Perhaps it is this simplistic approach that works well for consumers. It does only one thing – ANC – and it does very well. While high-pitched sounds still make their way, it is very subtle and does not affect greatly to the musical experience. I was wearing the QC35 at the car grooming workshop and all casual chatter and distant radio sounds are totally eliminated. Only when I removed my headphones occasionally did I realise what noisy environment I was in.
Bose takes the unusual approach to fold the headphone cups outwards. Most other headphones fold inwards so that the ear cups face inwards when you rest the headphones around the neck. Actually, Bose approach makes more sense when packing and unpacking the headphones, such that when you pick up the headphones from the case and unfold, you can put it straight on the head without having to switch the direction. Similarly, when removing the headphones, you just fold the headphones cup outwards and towards the headband and place into the case.
Without doing side-by-side comparison, the Bose QC35 delivers music with forward treble and distinctive bass, the latter due to excellent noise cancellation resulting in improved audio response of the lows into the listener’s ears. In fact, thanks to ANC, there is no need to turn up the volume to enjoy music. There is slightly wide sound stage to feel the reverb. There is a boost around the mid treble, around 2 – 4kHz, which makes strings and brass a little harsher.
I enjoy listening Classical, instrumental or soft pop music on the QC35 because the multiple instrumental layers are easily delivered regardless of the environmental sounds, as well as the sound staging allowing each instrument to present itself without clutter. If you listen mostly loud and heavy music, not only the ANC is not that critical, the strong treble might cause listen fatigue.
Bose QC35 offers one of the most amazing phone call experience. When answering calls, I could hear the other party and the background, making me feeling as if I am at the location.

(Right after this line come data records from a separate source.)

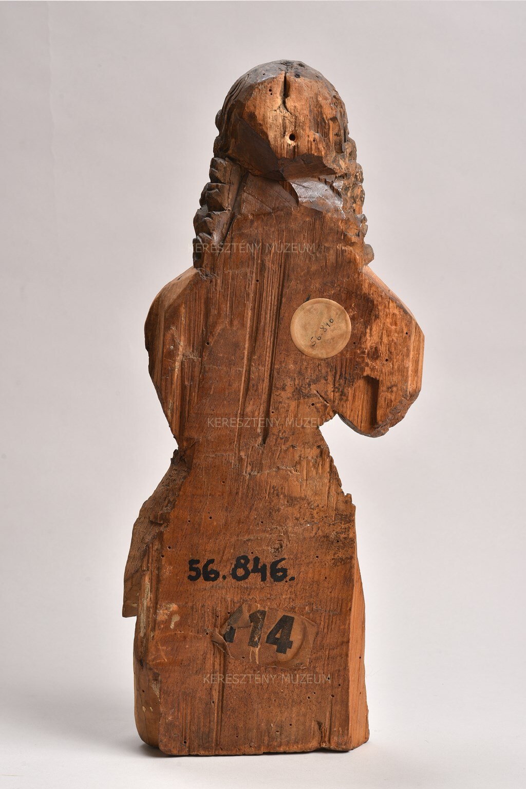 Ipolyi Collection. ‘193. Low relief wooden statue of John the Evangelist. Cut off at the knees. Domestic (Hungarian). No. XV.’ (Lakatos-Balla 290).
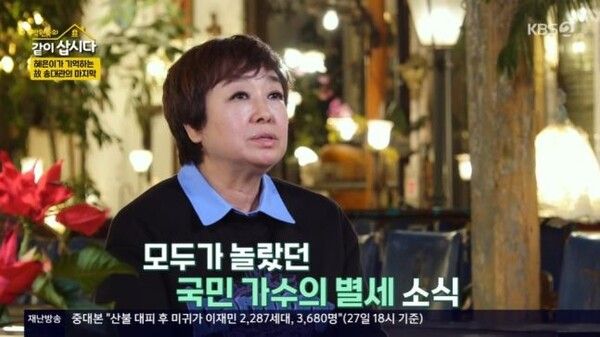 뉴시스 보도에 따르면, 혜은이는 28일 방송된 KBS 2TV 예능프로그램 '박원숙의 같이 삽시다'에 나와 "우리 나이가 되면 그런(부고) 소식을 더 많이 접하게 된다"며 "송대관 선배 돌아가셨을 때 일 때문에 오래 못 있고 빈소 차려지고 바로 다녀왔다"고 말했다.
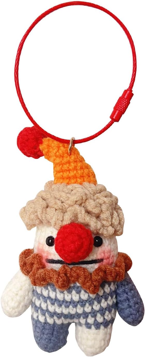 Novelty Weird Clown Doll Keychain Handmade Crocheted Clown Doll Backpack Car Charms Easter Halloween Gifts (Colorful Clown Pendant)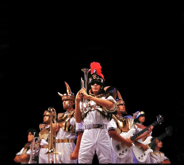 セッションミュージシャンとして超一流の実力を誇りながら、同時にエンターテイメント性を追求。中世の騎士をイメージさせる甲冑や鎧兜を纏い、ハイスキルの演奏を繰り広げながら激しいステージアクションを披露したのである。トランペットやベースをクルクル回転させる雄姿は、ライブパフォーマンスのひとつの見どころだったはず。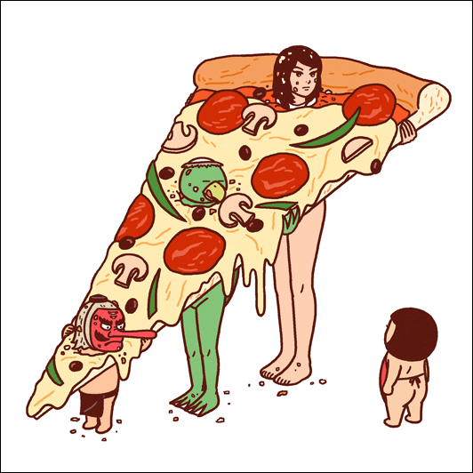 Tokyo based artist/illustrator Kimiaki Yaegashi invites us to have a slice of pizza with him. I am up for it! P Is For Pizza, funny / weird series speaks for itself… Have a byte!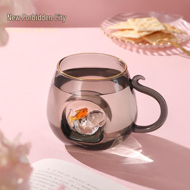 Креативная стеклянная кружка "Кот и Рыба Дворца Запретного города"

Is the noise cancelling still as superior to the other competitors like Sony MDR-1000X? The Bose ANC still offers slightly stronger noise cancellation at the lower frequencies, but Sony MDR-1000X seems to eliminate higher frequencies slightly better than Bose. Hence the latter achieves ANC in a more natural way without feeling over-processed.
Apps and Battery
When installed with Bose Connect smartphone app, I can access the QC35 to check battery level, adjust volume, do firmware update, change voice prompt language, change auto-off timer, manage all the connected devices, and access the user manual for help.
The QC35 is rated to last 20 hours with wireless audio, or 40 hours with wired (the included cable has a smaller 2.5mm audio plug on the QC35). It takes about 2 hours to charge the headphones over micro USB.
The Bose QC35 remains as a reliable pair of headphones to frequent travelers for its top-grade noise cancelling capability and thoughtful design elements. It does not offer tech gimmicks, and relies on core features to deliver the best experience. But other brands are catching up in this race, like Sony MDR-1000X which offers matching ANC qualities plus other interesting features. Bose must evolve the QuietComfort series to stay relevant.
- Superior noise elimination
- Ease of use
- Gradually losing competitive edge
Bose QC35 is available at Atlas showroom in Singapore at S$549. It is also available at good audio equipment retailers.